Scattered among the Craigslist advertisements for jobs, questionable meetups, and furniture for sale, are some amazing housing options. It can all seem really daunting trying to find your dream apartment on the internet, especially if you're moving to a new city. However, having been on both sides of the search, both as a renter and a landlord, I believe strongly that it's fully possible to find your perfect pad using Craigslist.
1) Do be very honest with your needs.
When my husband and I were looking to buy a place, we sat down privately and generated a list of our top five must haves. As much as I'd love to say that we got everything within our budget, there were a couple things that just were not going to happen without drastically ticking up our down payment. However, it didn't matter that our building didn't have a fireplace or rooftop deck since we got our big wish-list items, which were more contingent on location and building size. Finding your dream Craigslist apartment should be a very similar process. Make a list of your top five desires and put them in order. I hate to break it to you, but if you have pets or need a nonsmoking environment, those have to go at the top of your list. Landlords and rental companies have thought long and hard about their policies, and sneaking in a pet is the quickest way to ruin the relationship.

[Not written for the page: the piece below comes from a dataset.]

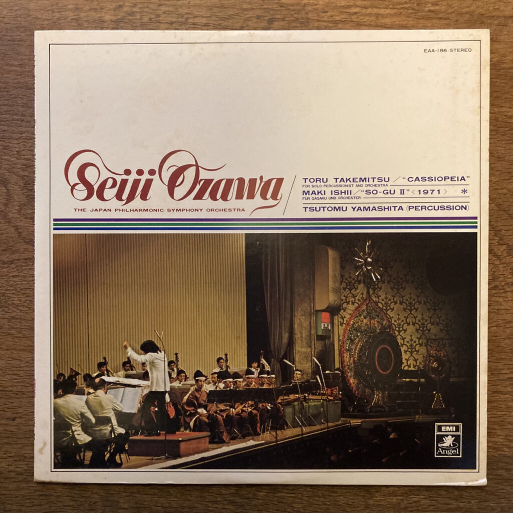 小澤征爾指揮による日本フィルハーモニー交響楽団をバックに、パーカッショニスト ツトム・ヤマシタ(山下勉)をフィーチャーした、緊迫感溢れる録音。

2) Don't forget to use your search tools wisely.
On the apartment/housing page, you'll be given the opportunity to complete a search form. As a general rule, I only view listings with photos. If they haven't posted photos, there's probably a reason for it: the place isn't as nice as they're saying, it's a scam, or the rental company can't be bothered to take a couple of photos. Craigslist still has some issues with their searching keywords. You might be searching for an amazing flat in Park Slope, but all that comes up is apartments near a park. Thank the housing Gods for the map filter, so you can search by location just by zooming in on your desired neighborhoods. If you're feeling extra tech oriented, save your search parameters into google alerts and let the internet do your apartment hunting for you.
3) Do take the time to write an actual email.
This may sound like a no-brainer, but the quickest way to ruin your chances to rent an apartment is to send a curt or typo-laden email. When I post my apartments for rent on Craigslist, I often get 20 to 30 emails the first day, and at the risk of seeming rude, I don't have time to deal with terribly written emails. I'm entrusting my property to you; the least you can do is take the time to draft a carefully worded message. Believe me, if you write an email that is error-free, polite, and tells a little about yourself, you will stand out from the rest. Essentially, you should put the same effort into your email for an apartment that you would for a job.
4) Do take a "test drive" in your desired neighborhood.
If you are familiar with the neighborhood you are hoping to move into, that's great. But for a lot of renters, they're looking to explore a new neighborhood or city and aren't quite sure where to begin. I'm a big believer of walkable neighborhoods, so I like to get the walk score of all the apartments that I want to send an email about. I also recommend going for a walk on Google street view, because while the apartment may claim to be "close to a train station," in actuality, it's backed up against the tracks and suddenly your dream apartment shakes every five minutes.
5) Don't come unprepared.
Especially in a competitive market, never show up to an apartment empty-handed. No, I'm not suggesting you bring them a bottle of wine (although I have to say, bribery would have worked on me), but it is very important that you show up with all the necessary paperwork. You should bring a copy of your driver's license, a recent credit check, a completed application (if one was provided ahead of time), and any letters of reference. Doing this might be necessary in certain housing markets, but even in a small town, it helps to be professional and prepared.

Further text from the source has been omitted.